This article was first published in VoxEU, 7 August 2023
Forecasting economic activity during an invasion is a nontrivial exercise. The lack of timely statistical data and the expected nonlinear effect of military action challenge the use of established nowcasting and short-term forecasting methodologies. This column explores the use of partial least squares augmented with an additional variable selection step to nowcast quarterly Ukrainian GDP using Google search data. Model outputs are benchmarked against both static and dynamic factor models. Preliminary results outline the usefulness of partial least squares in capturing the effects of large shocks in a setting rich in data, but poor in statistics.
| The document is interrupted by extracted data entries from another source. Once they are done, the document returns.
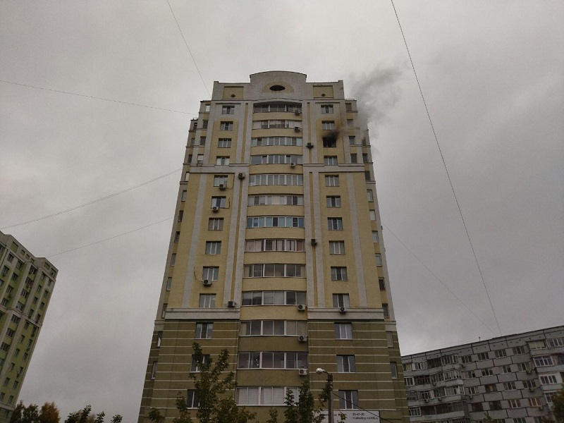 Возгорание случилось, по предварительной информации, на 13 этаже. Из разбитого окна идет густой черный дом, по состоянию на 9:25 открытого огня не наблюдается.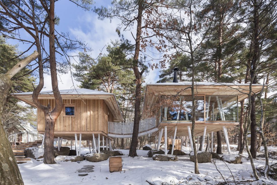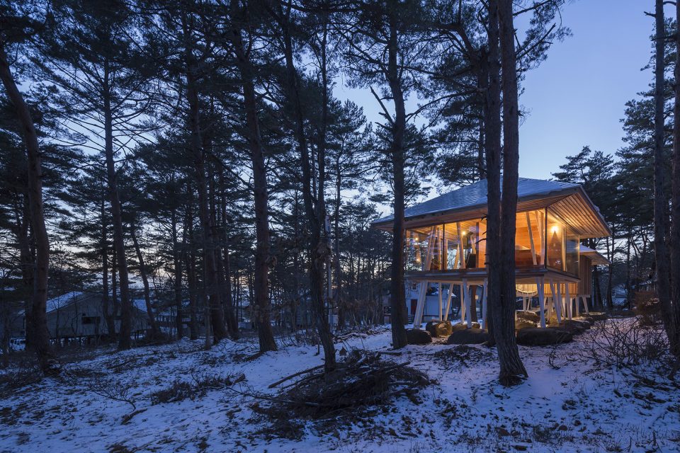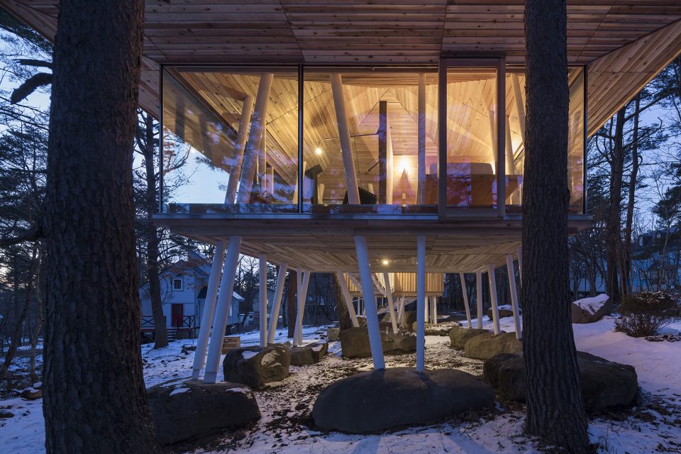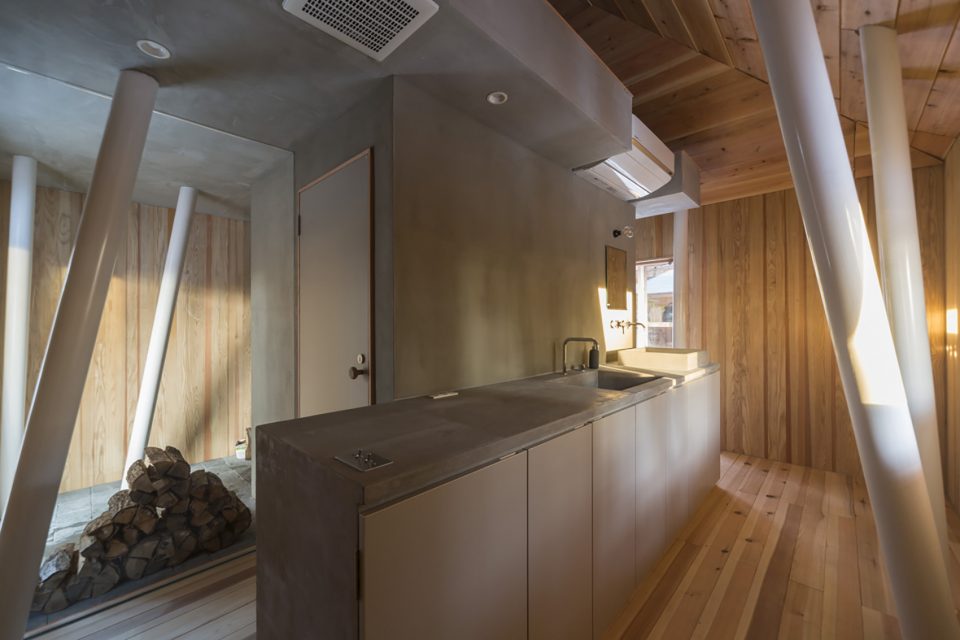 該地區(qū)常遇大雪天氣,因此建筑師利用架高的結(jié)構(gòu)為建筑賦予了2米多的雪荷載,以保證房屋不受大雪的破壞。住宅擁有兩個(gè)體量,分別容納了起居功能和生活用水功能。這兩個(gè)體量通過(guò)一座橋形成連接,使居住者能夠在橋上充分享受自然環(huán)境帶來(lái)的感官刺激。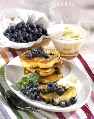 Dust the pancakes with icing sugar and serve with the yoghurt and the remaining blueberries. Decorate with mint.

Without regular hard and soft data releases, traditional nowcasting models as those put forward by Giannone et al. (2008) and Stock and Watson (2002, 2012) become considerably constrained. These models may still be employed, although with little flexibility beyond scenario analysis and comparative exercises using past conflicts as empirical counterparties. Without any readings on consumption, investment, and production aggregates or their micro survey-based estimates, assessing the scale and speed of changes in the Ukrainian economy transformed from a well-tuned multistage process into a creative exploration of new machine learning (ML) variable selection and estimation algorithms.
The first necessary step in this context is replacing hard and soft data with alternative measures expected to correlate with the variable(s) of interest, in this case, Gross Domestic Product. This implies moving further back in the data creation value chain and finding appropriate alternative inputs and models, the outputs of which correlate well with GDP. In Constantinescu et al. (2022, 2023a), leveraging the less-than-perfect correlation among unconventional data sources, we present the preliminary results of forecasting annual regional GDP using night lights, social media activity, and Google search volumes. In this framework of low time frequency and intermediate geographic resolution, these data are useful to estimate the initial regional impact of the invasion using an otherwise standard bridge equation.
Partial least squares and variable selection
At the core of most big data nowcasting applications one may find algorithms estimating a small number of potential latent factors (with a dynamic structure) driving a large number of observed explanatory variables. Principal components (PCs) and maximum likelihood are currently the most widely employed estimation strategies of nowcasting models.
This estimation step may be improved by introducing a supervised machine learning algorithm as opposed to using principal component regressions, which is an unsupervised method. In partial
least squares (also called ‘projection to latent structures’ in the chemometrics and genomics literature), the structural assumption is that a few latent factors drive both the Google Trends vectors and the univariate GDP observations (Wold et al. 1984, 2006, Helland 1990, Stoica and Söderström 1998). Naturally, the number of latent factors is strictly less than the number of Google Trends vectors. The objective of the algorithm is to recover both the latent factors as well as the loadings of both the explanatory and dependent variables on the factors via repeated partial regressions of GDP observations on the vectors of explanatory variables, ordered according to the covariance between them. 1
Why is variable selection needed in a partial least squares regression? Chun and Keleş (2010) indicate challenges to asymptotic consistency of the partial least squares estimator in contexts with many explanatory variables and relatively few observations, with a fixed number of relevant and an increasing number of irrelevant variables, a feature of our dataset comprised exclusively of Google Trends. The intuition for the lack of asymptotic consistency comes from the ridge-like nature of the partial least squares algorithm. Given that partial least squares latent factors load on all available variables, a larger fraction of irrelevant variables weakens the ability of the algorithm to identify the true factor directions.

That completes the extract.